→ Dataset records
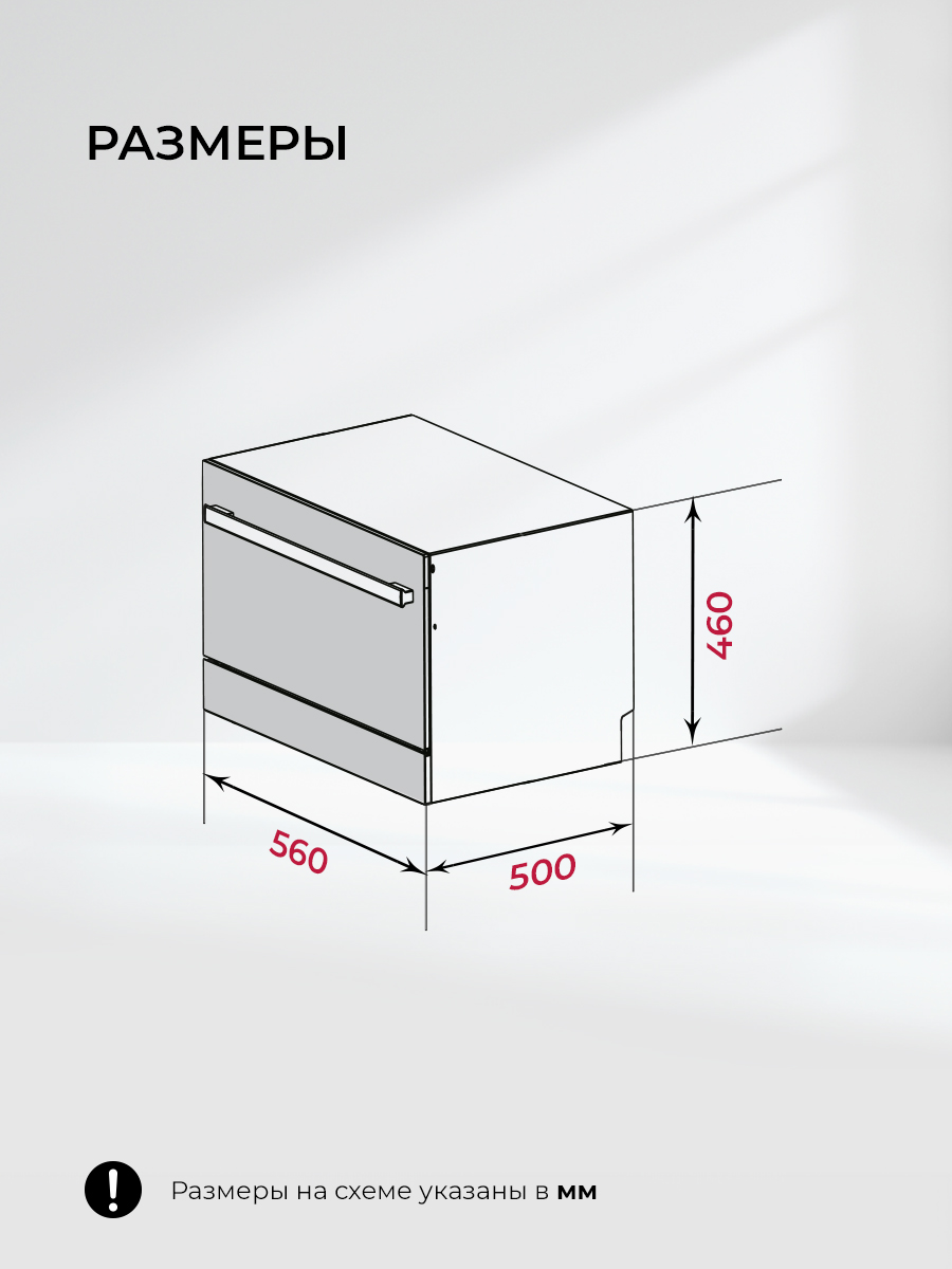 Описаниемашина посудомоечная компактная отдельностоящая, 56 см, 6 комплектов, белое стекло
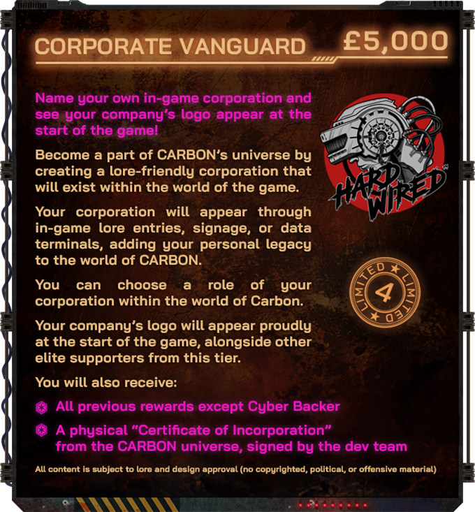 We didn’t want to settle for slapping logos on a loading screen. That’s too clean. Too sterile. Instead, we’re giving you real power - the chance to forge your own megacorp inside the world of CARBON.
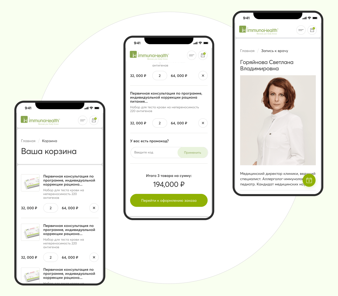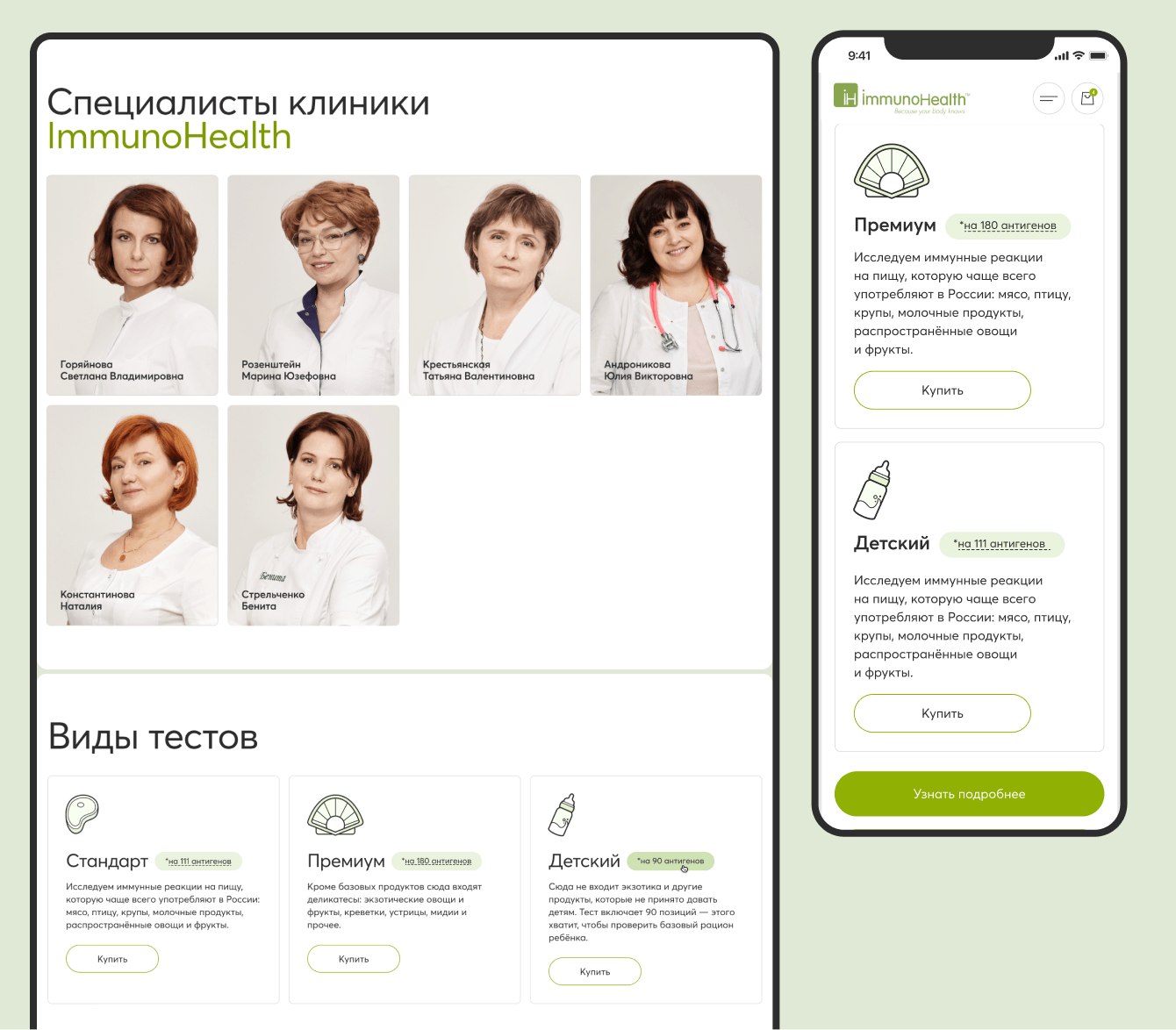 Мы разработали приятный дизайн, написали понятный текст про иммунодиетологические тесты, добавили на сайт карточки врачей и продумали каталог — с его помощью пользователи будут выбирать подходящие тесты и анализы и отправлять их в корзину.
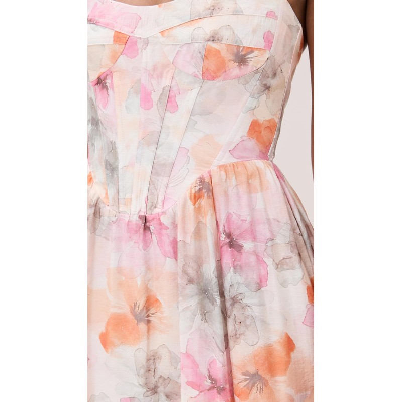 - Boned bodice with non-slip rubber binding, Water-color inspired floral print
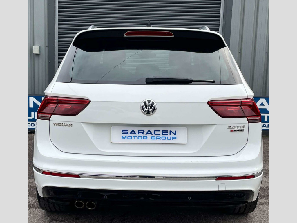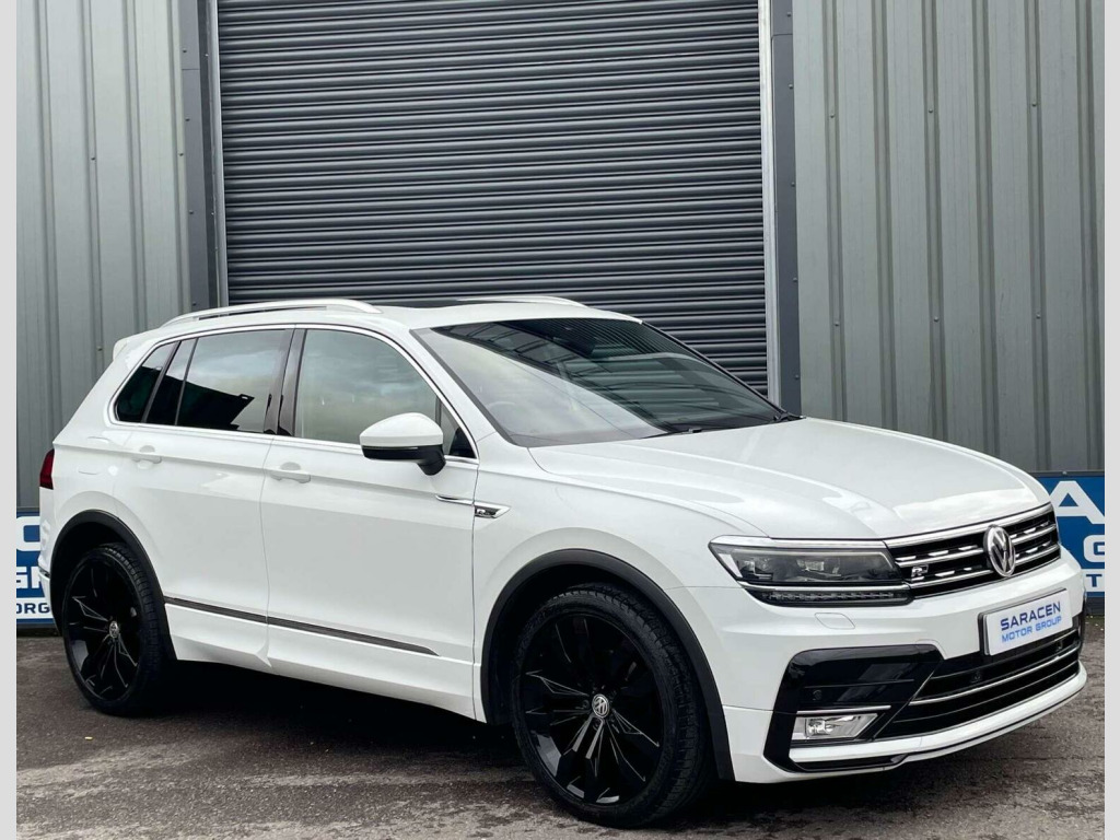 Volkswagen Tiguan 2.0 TDI BlueMotion Tech R-Line DSG 4Motion Euro 6 (s/s) 5dr. ULEZ Free. Finished in signature pure white and a half black Vienna leather interior with contrast stitching. 20 Suzuka gloss black alloys, satellite navigation, Apple CarPlay, Android Auto, sliding panoramic roof, Bluetooth connectivity, DAB radio, USB/AUX integration, adaptive cruise control, front/rear parking sensors, front/fatigue/lane assist, electric folding door mirrors, heated front washer nozzle, tinted rear glass, 3D effect tail lights, automatic headlights, dynamic light assist, front fog lights, ambient lighting, climate control, heated front seats, interior light package, leather multifunction steering wheel, winter pack and rain sensing wipers. Here at Saracen Motor Group we have been awarded AA Platinum dealership recognition along with being nominated for best customer service by Autotrader for 2021,2022,2023,2024 & 2025. We are a 5-star dealership with over 600 5-star reviews across all internet platforms including Autotrader and have been regarded as one of the best dealerships to buy from in the UK. Our preparation inspected each vehicle to the highest level possible for its age and mileage. You can rest assure your next car has been cared for to the highest standard. Service history, V5 and the HPI certificate will all be present on viewing and collection. With our location based in Battlesbridge, Essex you can enjoy a haggle-free buying experience where you can drive away the same day if prior arranged, additional fees apply please see our website for details.
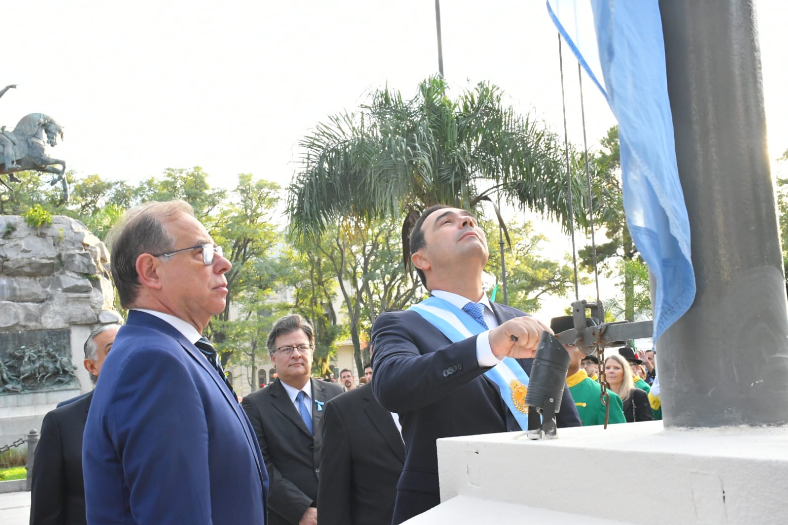 Luego, de la realización del izamiento de la enseña Patria y de la ofrenda floral al monumento del Libertador, José de San Martín en la Plaza 25 de Mayo, las autoridades ingresaron al patio de Casa de Gobierno para realizar el saludo protocolar en alusión a la fecha y continuar con la agenda.

→ Problem description
Only one part of the listing is wanted: the lines from the one containing "Мы разработали приятный" through the one containing "- Boned bodice", both included. Please transcribe it exactly, leaving out the pictures.

→ Solution to this task
 Мы разработали приятный дизайн, написали понятный текст про иммунодиетологические тесты, добавили на сайт карточки врачей и продумали каталог — с его помощью пользователи будут выбирать подходящие тесты и анализы и отправлять их в корзину.
 - Boned bodice with non-slip rubber binding, Water-color inspired floral print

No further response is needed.